Let's go through each of these, one at a time. We'll consider not just whether we can use a tuple without generating errors, but whether it will make sense to do so in the context of building a program that deals with poker.

Note: The next post in this series will cover profiling. Profiling tools and strategies allow you to do much more targeted optimization, but going through each possible place to use a tuple in this example will be interesting as well.

The list all_cards

The list all_cards is always used the same way; we just pull cards from it randomly. We never add anything to it, and we never remove anything from it. All we ever do is read from this list.

If you're working on a program like this that simulates hands, it's safe and reasonable to convert this to a tuple. One of the main reasons to keep using a list here is if you're simulating a deck, and you want to remove a card from the list each time it's dealt into a hand.

We're not doing that, so let's replace this with a tuple and see if it breaks the program. If it still works, we'll see if there's any impact on the efficiency of the program:

all_cards = (2, 3, 4, 5, 6, 7, 8, 9, 10, 'j', 'q', 'k', 'a')
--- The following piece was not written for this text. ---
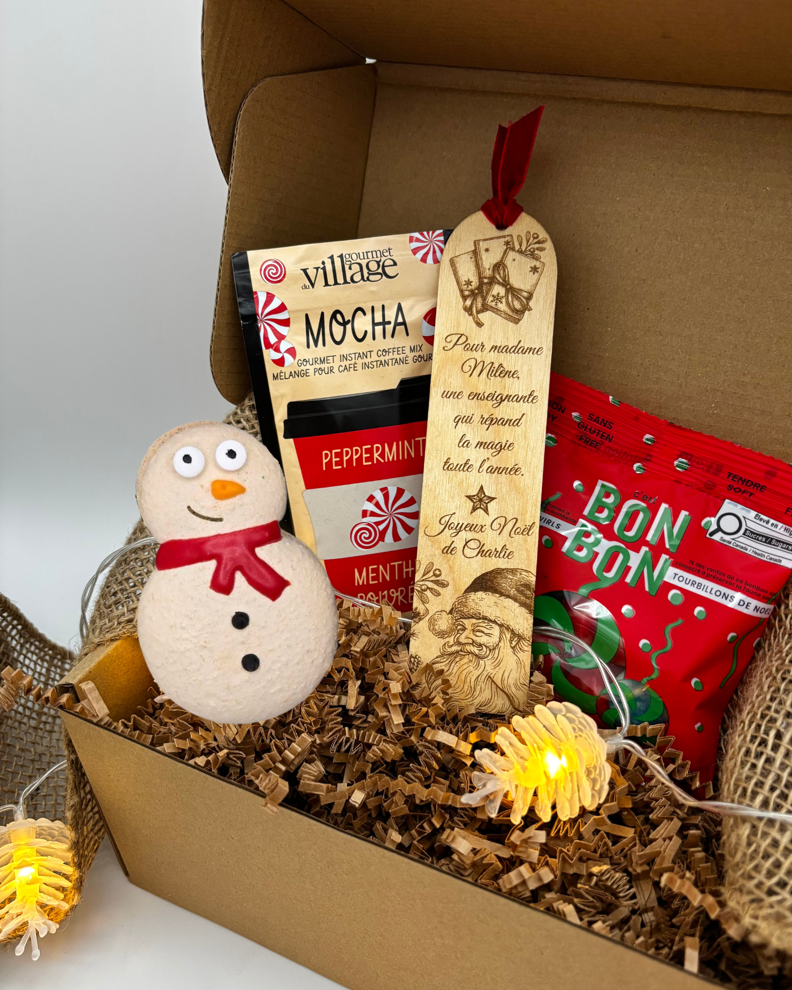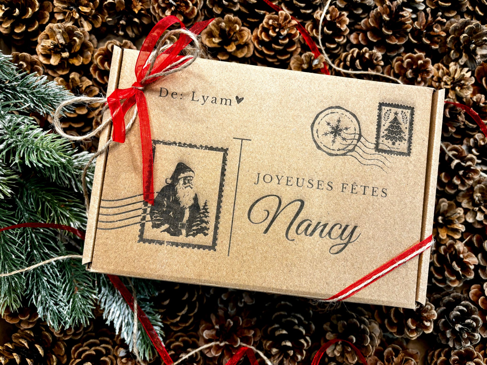 Pour une boîte personnalisée, veuillez m'inscrire le nom de la personne à qui le cadeau est offert et le nom de la personne qui l'offre.

We just changed one line. The program still works, but it still takes 15.9 seconds on my system.

The sequence all_cards is created once, but read from many times. The dynamic nature of the list does not impact this program’s performance much, so replacing it with a tuple doesn’t improve the program’s efficiency.

Each hand as a tuple

In this example, every hand is stable as soon as it's drawn. We never remove cards from a hand, and we never add cards to the hand. That's not true for all variations of poker. If your program needs to handle variations of poker with dynamic hands, tuples would not work.

Let's return each hand as a tuple, and see what happens. This only requires a modification to get_hand():

def get_hand(hand_size=5):
    """Return a hand of cards."""
    return tuple(choice(all_cards) for _ in range(hand_size))

Making this one change decreases the program's execution time to 12.6 seconds on my system, for a speedup of just over 20%. That's great!

Changing all_cards() to a tuple didn't help. That data structure was read a bunch of times, but it was only ever created once. In this case, we're changing 5,000,000 data structures from lists to tuples, and then every one of those is read from multiple times when checking for winners. This has a much more significant impact on the overall efficiency of the program.

Note: If you forget to wrap the expression (choice(all_cards) for _ in range(hand_size)) in a call to tuple(), you'll return a generator expression instead. This will be a much slower program (26s on my system), because you're storing all of those generator expressions and then evaluating them multiple times. This is a great example of actual sequences such as lists and tuples being more efficient than generator expressions.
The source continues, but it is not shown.